I believe the fundamental problem was the unwillingness and/or inability to transcend the single device (UPDATE: I should make explicit that this is a reference to Tim O’Reilly’s popularization of Dave Stutz’s farewell from Microsoft missive which was written after the My Services experience). Microsoft had the vision and means to both lead the industry and bridge its existing businesses to a cloud-centric, multi-device world, but failed to follow through. Now it finds itself belatedly embracing this model but from a disadvantaged position. It is yet another technology industry example of innovations conceived in one place being successfully commercialized elsewhere that lacks the baggage of the conceiver.

Near the end of my tenure at Microsoft, I was in a meeting with a cast of thousands. One of the presenters said “we wouldn’t want to do another hailStorm”, expecting all the heads in the room to nod in unison. The SVP in the room turned to me and said “we should have done hailStorm” to which my answer was “damn straight”. The rest of the room was aghast. I suspect this viewpoint is not as contentious now, even at the board level. Success can be a bitch.

4 responses

  1. […] Thursday, Charles Fitzgerald, a former Microsoft exec, provided his own take as to what life at Microsoft was like at the time and what the heck happened to all that […]

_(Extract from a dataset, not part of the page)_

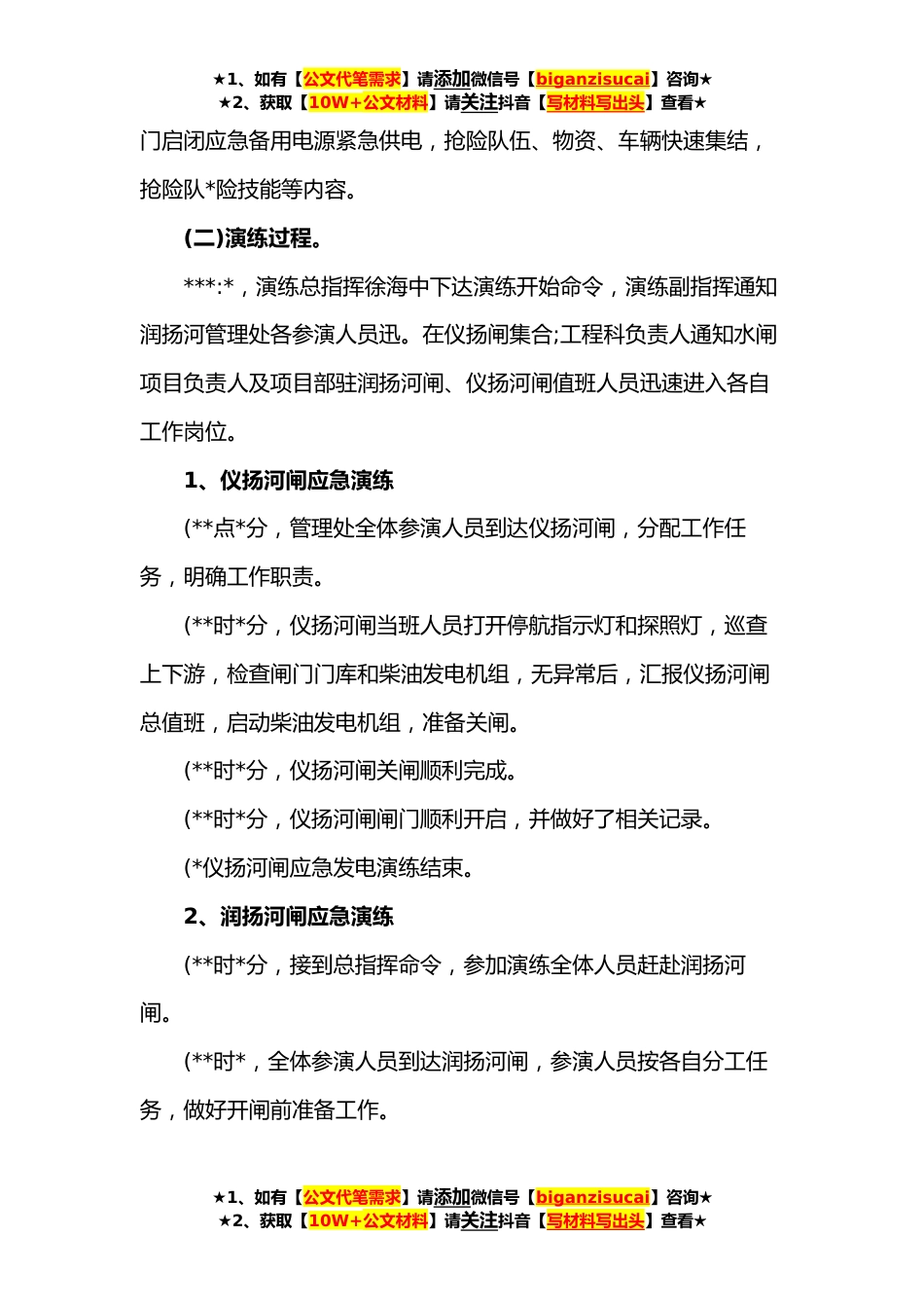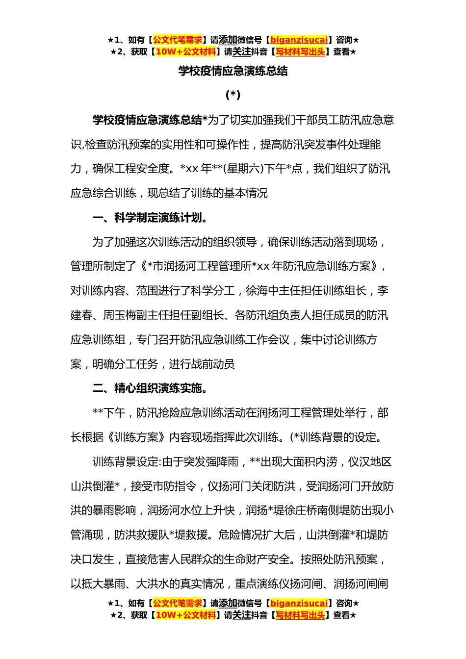 ★1、如有【公文代笔需求】请添加微信号【biganzisucai】咨询★★2、获取【10W+公文材料】请关注抖音【写材料写出头】查看★学校疫情应急演练总结(*)学校疫情应急演练总结*为了切实加强我们干部员工防汛应急意识,检查防汛预案的实用性和可操作性,提高防汛突发事件处理能力,确保工程安全度。*xx年**(星期六)下午*点,我们组织了防汛应急综合训练,现总结了训练的基本情况一、科学制定演练计划。为了加强这次训练活动的组织领导,确保训练活动落到现场,管理所制定了《*市润扬河工程管理所*xx年防汛应急训练方案》,对训练内容、范围进行了科学分工,徐海中主任担任训练组长,李建春、周玉梅副主任担任副组长、各防汛组负责人担任成员的防汛应急训练组,专门召开防汛应急训练工作会议,集中讨论训练方案,明确分工...

  2. […] Thurs­day, Charles Fitzger­ald, a for­mer Microsoft exec, pro­vided his own take as to what life at Microsoft was like at the time and what the heck hap­pened to all that […]

  3. […] Thursday, Charles Fitzgerald, a former Microsoft exec, provided his own take as to what life at Microsoft was like at the time and what the heck happened to all that […]

  4. Good stuff.

    HailStorm was a nice idea, but the implementation was a mess — over-engineered, unnecessarily complicated, and burdened by Microsoft’s strategy tax. Authenticating via Passport — the first step in building any app — was just awful. Five years later, when we integrated Passport into Max, I remember a good engineer needing a couple months to do the work b/c there were all these wacky edge cases the Passport APIs made you handle.

    Contrast that with what developers have to do to authenticate with Apple’s iCloud services, say to store a file or geolocate an address: nothing. The OS & APIs do it behind the scenes. iCloud has its own problems and we’ve all learned a lot about web services in the last decade, but even so, Windows could have managed the user’s Passport credentials, system wide, so that services like HailStorm could use it, so that 3rd party developers wouldn’t have to.